**Data shown**
/---

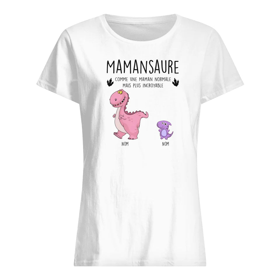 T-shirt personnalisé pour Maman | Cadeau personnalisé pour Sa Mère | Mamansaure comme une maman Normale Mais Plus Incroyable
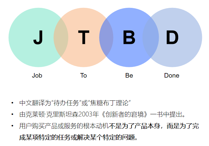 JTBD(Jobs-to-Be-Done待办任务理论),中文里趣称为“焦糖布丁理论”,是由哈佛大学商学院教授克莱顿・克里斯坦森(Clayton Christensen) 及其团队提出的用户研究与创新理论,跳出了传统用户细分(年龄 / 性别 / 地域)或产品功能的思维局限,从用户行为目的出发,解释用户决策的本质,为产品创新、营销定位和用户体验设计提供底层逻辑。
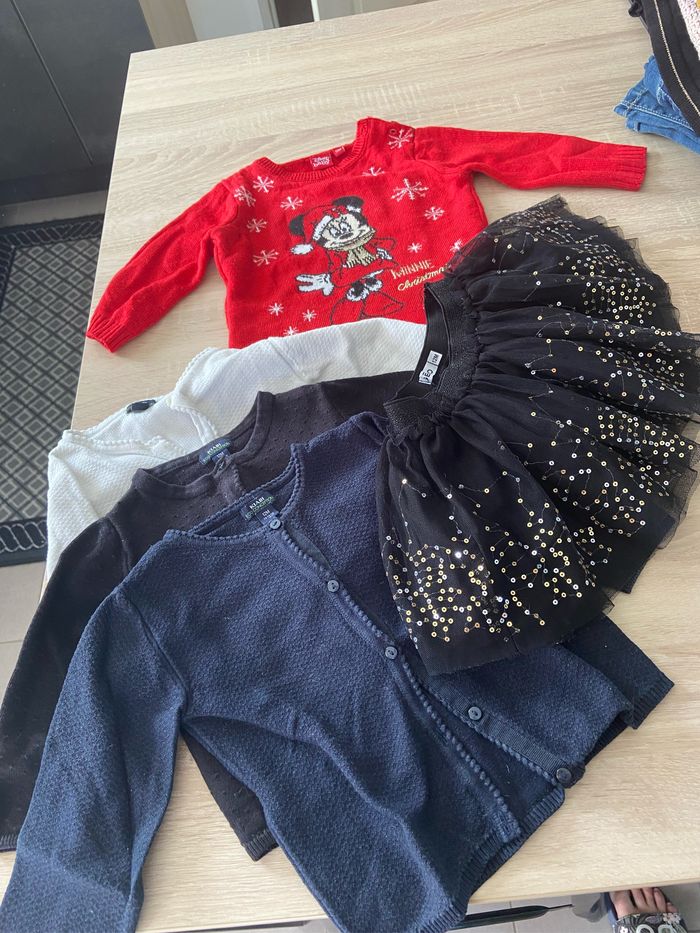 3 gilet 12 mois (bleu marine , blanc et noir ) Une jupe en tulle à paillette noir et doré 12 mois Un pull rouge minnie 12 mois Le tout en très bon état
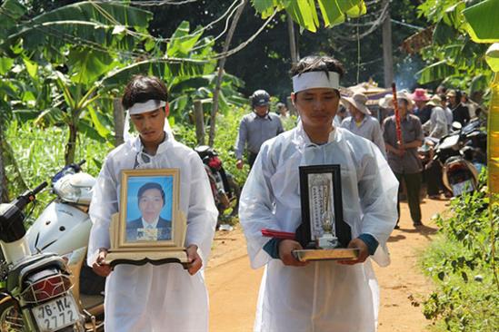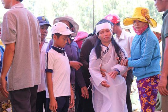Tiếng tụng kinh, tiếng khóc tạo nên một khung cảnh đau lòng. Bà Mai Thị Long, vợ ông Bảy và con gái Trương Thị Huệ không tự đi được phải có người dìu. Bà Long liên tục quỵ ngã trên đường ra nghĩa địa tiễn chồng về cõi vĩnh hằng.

\---
/---

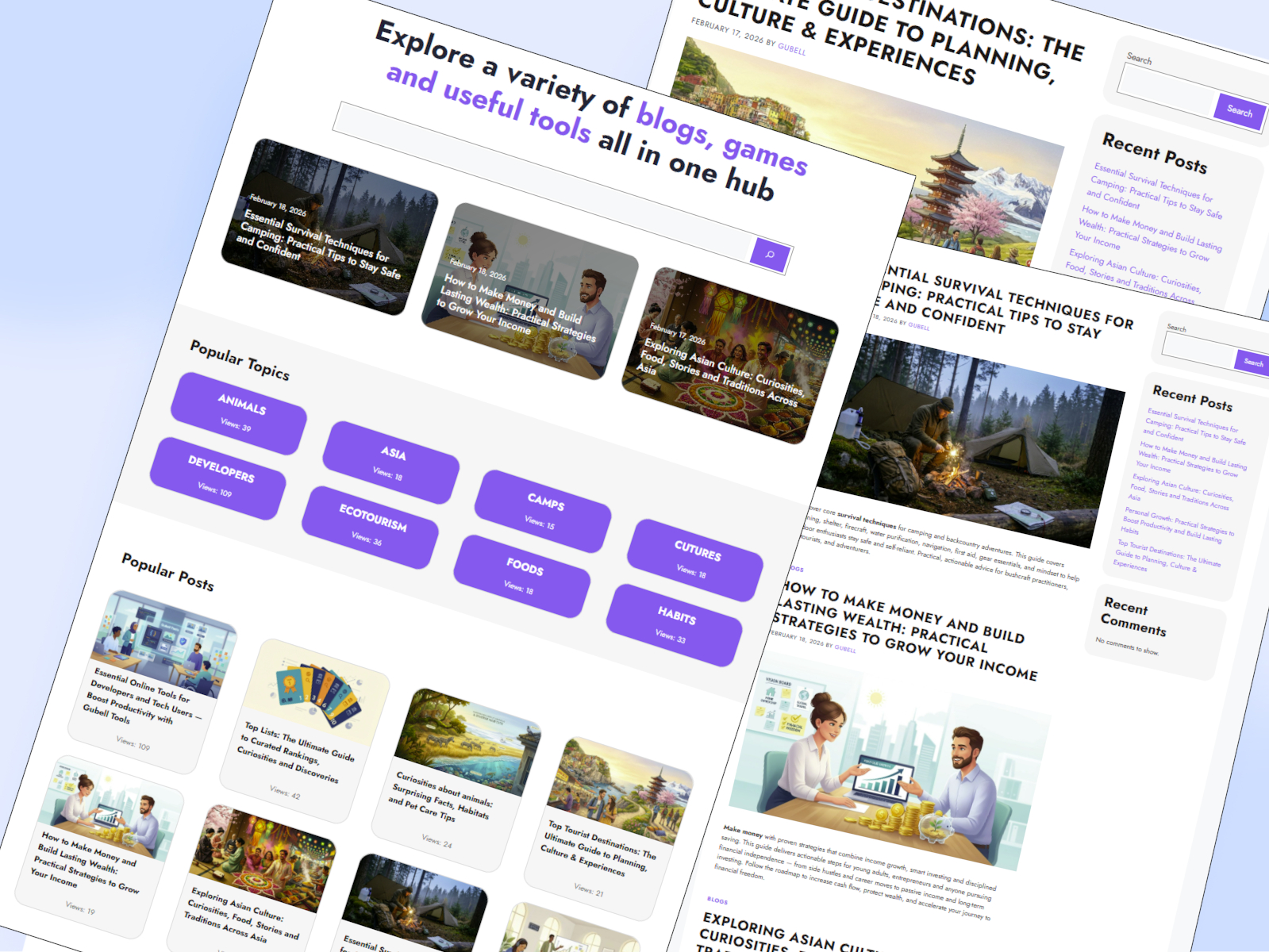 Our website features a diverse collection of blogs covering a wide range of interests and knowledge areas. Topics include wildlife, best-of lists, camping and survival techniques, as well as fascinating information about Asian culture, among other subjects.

\---
/---

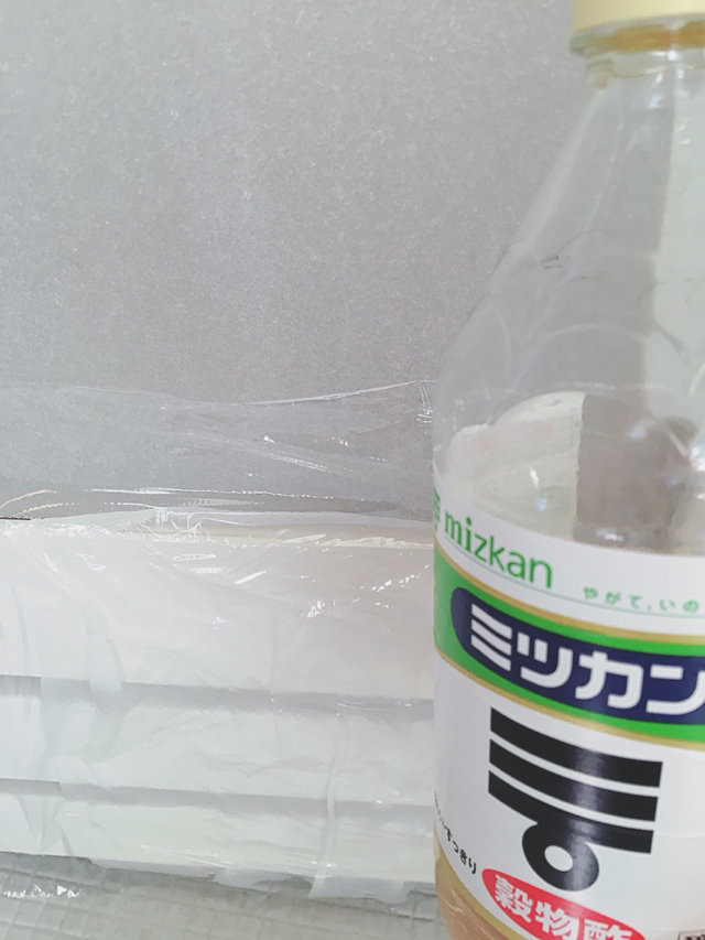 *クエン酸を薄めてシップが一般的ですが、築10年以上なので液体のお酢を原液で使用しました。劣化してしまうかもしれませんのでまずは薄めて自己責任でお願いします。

\---

**Exercise brief**
For this task, return exactly the stretch of the listing above from the line with "T-shirt personnalisé pour" through the line with "3 gilet 12 mois", inclusive and without pictures.

**Result for this task**
 T-shirt personnalisé pour Maman | Cadeau personnalisé pour Sa Mère | Mamansaure comme une maman Normale Mais Plus Incroyable
 JTBD(Jobs-to-Be-Done待办任务理论),中文里趣称为“焦糖布丁理论”,是由哈佛大学商学院教授克莱顿・克里斯坦森(Clayton Christensen) 及其团队提出的用户研究与创新理论,跳出了传统用户细分(年龄 / 性别 / 地域)或产品功能的思维局限,从用户行为目的出发,解释用户决策的本质,为产品创新、营销定位和用户体验设计提供底层逻辑。
 3 gilet 12 mois (bleu marine , blanc et noir ) Une jupe en tulle à paillette noir et doré 12 mois Un pull rouge minnie 12 mois Le tout en très bon état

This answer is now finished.